Estimating GRACE-FO orbit perturbations with numerical weather prediction models

Abstract

Satellites in Earth orbit are exposed to Earth radiation, consisting of reflected solar and emitted thermal radiation, thereby exerting a radiation pressure force that causes acceleration and affects the orbits. Gravity Recovery and Climate Experiment Follow-On (GRACE-FO) mission aiming to retrieve the Earth gravity potential is critically dependent on accounting for all non-gravitational forces, including the Earth radiation. Although weather-of-the-day; e.g., clouds and their properties, has a major role in Earth radiation pressure, only climatology has been used so far to represent this force. Using climatological data doesn’t account for orbit perturbations owing to weather-related transient changes in the Earth radiation pressure. We show here that the top-of-atmosphere radiation fluxes computed with a numerical weather prediction model explain most of the measured variations in the radial acceleration of the GRACE-FO satellite. Our physics-based modelling corrects a hitherto unexplained lack of power spectral density in the measured accelerations.

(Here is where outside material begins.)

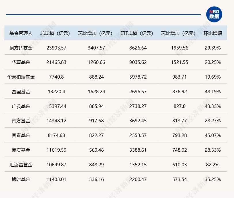非货基前三强依然是易方达基金、华夏基金和广发基金,最新规模分别为1.67万亿元、1.42万亿元和9213.62亿元,相比二季度末分别增长了2586.05亿元、1718.87亿元和850.87亿元,依然保持了稳定的增长速度。 富国基金相比二季度末也增长超过千亿元,排名升至第四位;南方基金、华泰柏瑞基金也均上升一位,目前分别排在第五和第七名;景顺长城基金新进非货基前十的行列。同时,嘉实基金由二季度末的第四名来到第六名,博时基金也下滑一位到第八名,招商基金则从第十位降至第十一位。 指数基金成增长“利器” 易方达、华夏ETF规模单季度增长超千亿元从各家基金管理人的规模增长情况来看,指数基金俨然成为增长“利器”,其中ETF的增长速度已经成为决定基金公司规模座次的一项重要因素。 举个例子,三季度有两家公司ETF规模增长超过1000亿元,分别是易方达基金和华夏基金,前者环比增加已经接近2000亿元。 而在三季度,这两家公司的总规模分别增加了3407.57亿元和1260.66亿元,可以看出ETF为公司规模增长立下了“汗马功劳”。 除此之外,综观ETF规模增长前十位的公司,可以发现除了极个别管理人,其他公司规模增长都是主要倚仗ETF的增量。“得ETF者得天下”,这些数据也很好地体现了ETF业务对于基金公司的重要性。

For example, we can accurately model the accelerations associated with a tropical storm in Indian Ocean in December 2020, which would not be possible when using climatological data. Our results demonstrate that using a global numerical weather prediction model significantly improves the simulation of non-gravitational effects in the satellites’ orbit. This advancement will allow more precise gravity retrieval and its applications in Earth sciences.